Threat Model

This document provides a high-level threat model for InvarLock deployments. It is intentionally aligned with the assurance case scope: InvarLock’s primary goal is to control regression risk from weight edits relative to a baseline under specified configurations, not to provide a complete solution to model security or alignment.

Assumptions

Users operate in isolated virtual environments or containers on Linux/macOS hosts with supported HF/PyTorch versions.
Models and datasets may be sourced from public repositories, but are treated as potentially untrusted artifacts.
Default runtime posture disables outbound network connections unless INVARLOCK_ALLOW_NETWORK=1 is explicitly set.
Default runtime posture keeps model-loading commands inside the runtime container unless a public host-side workflow uses invarlock evaluate --execution-mode host or an advanced/internal workflow explicitly sets INVARLOCK_ALLOW_HOST_EXECUTION=1.
Evaluation runs use the pairing, windowing, and bootstrap profiles described in the assurance docs and configs.

Security Flow Overview

Security boundary layers covering network, runtime, artifacts, validation, and evidence audit outputs.

Assets and adversaries (in scope)

Assets

Baseline and subject model weights for supported task families.
Evaluation datasets, pairing schedules, and seed bundles.
Evaluation artifacts: reports, logs, and policy digests.

Adversaries / failure modes

Malicious or malformed model artifacts (e.g., unsafe pickle payloads) used as baselines or subjects.
Misconfigured edits or guard policies that silently degrade quality or break structural invariants while “appearing to run”.
Dependency vulnerabilities in the Python stack and transitive extras that could affect evaluation or guard logic.

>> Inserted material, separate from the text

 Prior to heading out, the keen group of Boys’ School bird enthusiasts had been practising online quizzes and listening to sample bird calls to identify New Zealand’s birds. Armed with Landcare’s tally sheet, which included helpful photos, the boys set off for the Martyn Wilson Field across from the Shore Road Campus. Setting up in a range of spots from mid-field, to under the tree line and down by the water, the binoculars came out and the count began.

Mitigations (built-in + process)

Network guard (invarlock.security) denies outbound sockets by default; network use must be opted into per command.
Runtime security defaults keep model-loading commands containerized, third-party plugins disabled, and remote model code off unless explicitly allowed.
Supply-chain checks in CI and PR validation (install-surface SBOM generation, pip-audit on the base/hf/advanced shipped surfaces, gitleaks history JSON/SARIF scanning), with scheduled/tag backstops for drift detection.
CodeQL scans shipped Python code plus repository helper scripts, and the analysis workflow fails closed if upload/analysis cannot complete.
Release automation only rebuilds and publishes from validated tags resolved to an immutable commit SHA.
Strict configuration and report validation (invarlock doctor, invarlock verify) to detect misconfiguration, schema drift, and runtime provenance mismatches.
report fields for seeds, windowing, dataset/tokenizer hashes, and guard telemetry so reviewers can audit the assurance evidence.

Attack Scenarios

Concrete attack scenarios InvarLock is designed to address or explicitly delegates to external processes:

1. Poisoned Baseline Model

Threat: Attacker provides a pre-backdoored baseline that passes all guards.

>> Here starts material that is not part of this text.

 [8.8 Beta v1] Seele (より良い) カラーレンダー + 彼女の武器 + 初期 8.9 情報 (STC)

Mitigation: Baseline provenance is the caller's responsibility. InvarLock compares subject to baseline but does not validate baseline correctness.

Detection: None — baseline is trusted by design. Use external model provenance checks (e.g., model cards, hash verification) before evaluation.

2. Malformed Pickle in Subject Checkpoint

Threat: Unsafe deserialization executes arbitrary code during model load.

Mitigation: InvarLock does not use pickle-capable adapter snapshot restore in the default path, and adapters using from_pretrained inherit HF's safetensors preference.

Detection: Invariants guard checks for non-finite values post-load; does not catch code execution during load itself.

3. Edit That Evades Guards

Threat: Carefully crafted edit stays within spectral/RMT bounds but causes task-specific degradation not captured by primary metric.

Mitigation: Primary metric gate + guard ensemble provides layered defense. Tighten tier (conservative) for high-stakes releases.

Detection: validation.primary_metric_acceptable = false or guard warnings in report. Manual review of report.guards[] evidence.

4. Configuration Drift Attack

Threat: Attacker modifies config to weaken guards (larger ε, disabled checks) hoping reviewers don't notice.

Mitigation: reports capture resolved_policy.* and policy_digest for audit. invarlock verify enforces schema compliance.

Detection: Policy changes appear in policy_digest.changed = true. Compare reports side-by-side for unexpected policy drift.

5. Window Schedule Manipulation

Threat: Attacker provides crafted baseline windows that inflate subject performance (cherry-picked easy examples).

Mitigation: Pairing enforcement requires window_match_fraction = 1.0 and window_overlap_fraction = 0.0. CI/Release profiles fail on pairing violations.

Detection: [INVARLOCK:E001] error on pairing schedule mismatch.

Out of scope (security non-goals)

These match the assurance non-goals:

Multi-tenant GPU isolation, kernel-level sandboxing, and host hardening.
Protection against prompt-level attacks, content harms (toxicity, bias, jailbreaks), or general alignment failures.
Guarantees for environments outside the documented support matrix (e.g., native Windows, arbitrary CUDA stacks, unpinned dependency versions).